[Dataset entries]
+ + + +

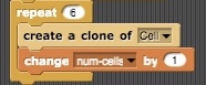 OK, so with each one of 6 repetitions we increment the value of variable num-cells by 1. But how the cells position themselves next to one another? Let's see what happens when a new
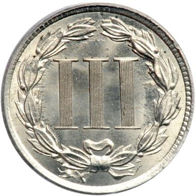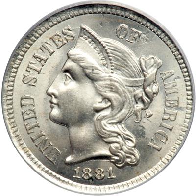 1881 Nickel Three Cents. PCGS graded MS-64. Lustrous nickel-gray hue with sharp detail on the Roman numeral and wreath (PCGS # 3749) .
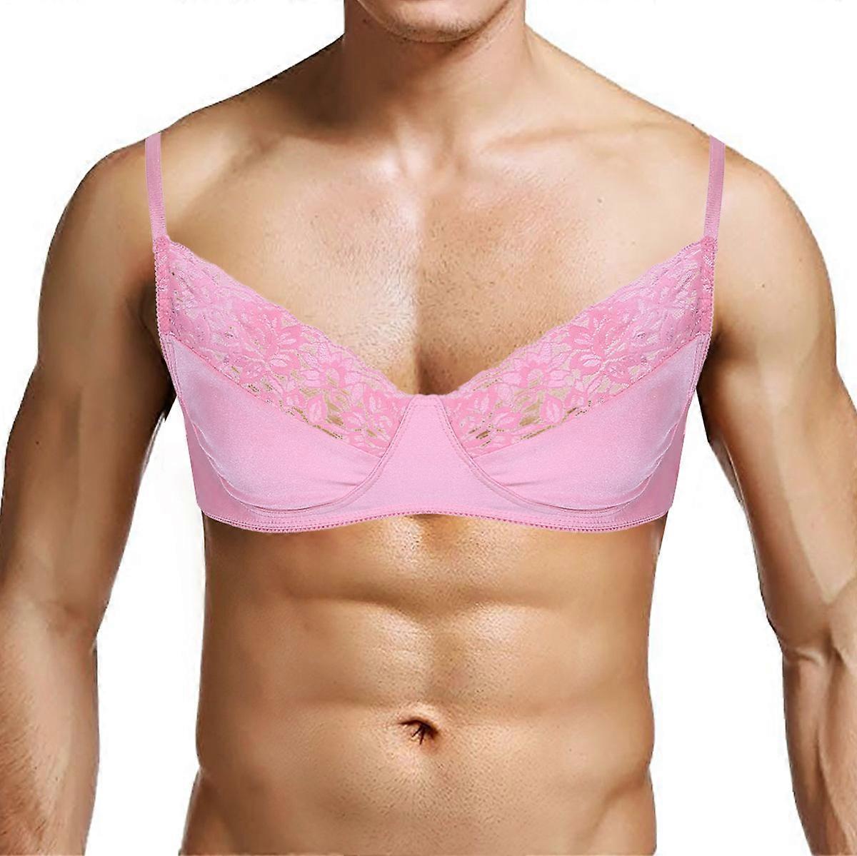 Men's Sissy Satin Lace Bra Lingerie Bralette Wire-free Bra Top Adjustable Straps
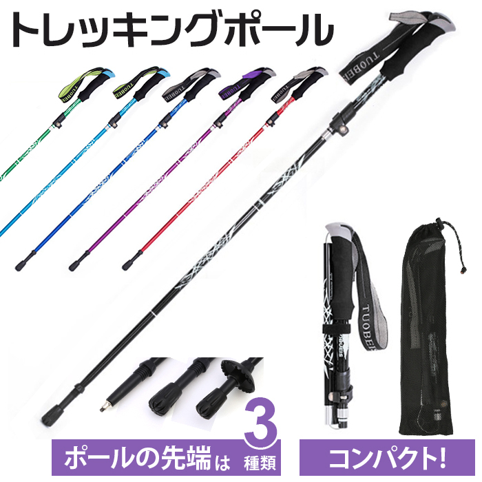 | ・トレッキングやハイキングの必須アイテム♪折り畳み式のトレッキングポールが登場。 ・持ち手は触り心地が良く手にフィットする。ストラップ付きなので安心して使える。 ・畳んだ状態からポールをはめて金属製押しボタンが出てくるまで引っ張って使用。 ・さらにレバーロックを外してツマミを回すと長さ調節ができる(20cm伸縮可能) ・畳む時は真ん中の金属製押しボタンのロックを解除してポールを引っ張って面ファスナーで留めて収納ができる。 ・ポールの先端は3種類!トレッキングキャップをした状態はポール先端を保護し、ウォーキングやハイキングに最適。キャップを外すと石突きの機能を発揮し、岩場をクリップする。バスケットキャップとトレッキングキャップを使用する事で、地面の刺さりすぎを防止し、岩場やぬかるみ時に最適。用途によって使い分けができて便利。 ・付属の収納袋があるので、コンパクトに畳んでリュックにしまうことができるのがうれしいポイント♪ |
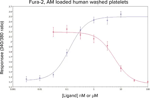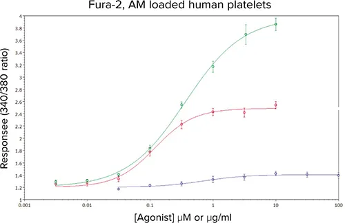 ここでは、高親和性蛍光カルシウム指示薬Fura-2, AMを用いて、ヒトの主要組織であるヒト血小板のCa²⁺フラックスをマイクロプレートフォーマットで容易に測定することが可能であることを示します。96ウェルハーフエリアマイクロプレートでアッセイを小型化し、FlexStation® 3 マルチモードマイクロプレートリーダーのフレキシブルな液体移動機能を用いることで、アゴニストのEC₅₀値とアンタゴニストのIC₅₀値を迅速かつ確実に測定できることを示します。
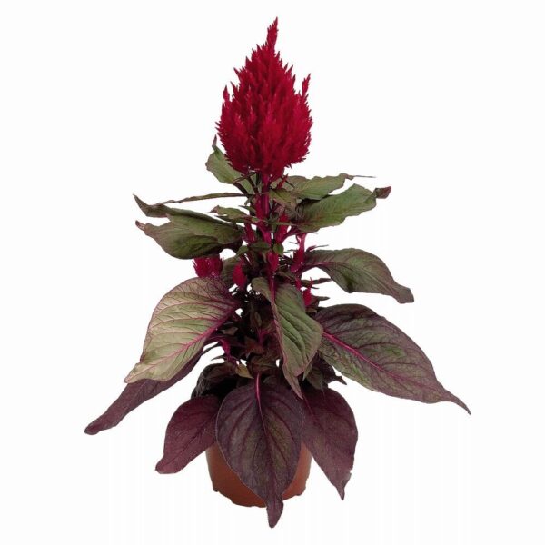 Donker, bronskleurig loof. Heldere rode bloemen als contrast.
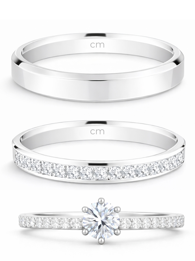 Par de Aliança Jessy + Solitário Crown - Prata 950

+ + + +

Your answer should be the lines above from the one that contains "Donker, bronskleurig loof." through the last, set down exactly, with the pictures removed.

- [ANSWER TO THIS PROBLEM]:
 Donker, bronskleurig loof. Heldere rode bloemen als contrast.
 Par de Aliança Jessy + Solitário Crown - Prata 950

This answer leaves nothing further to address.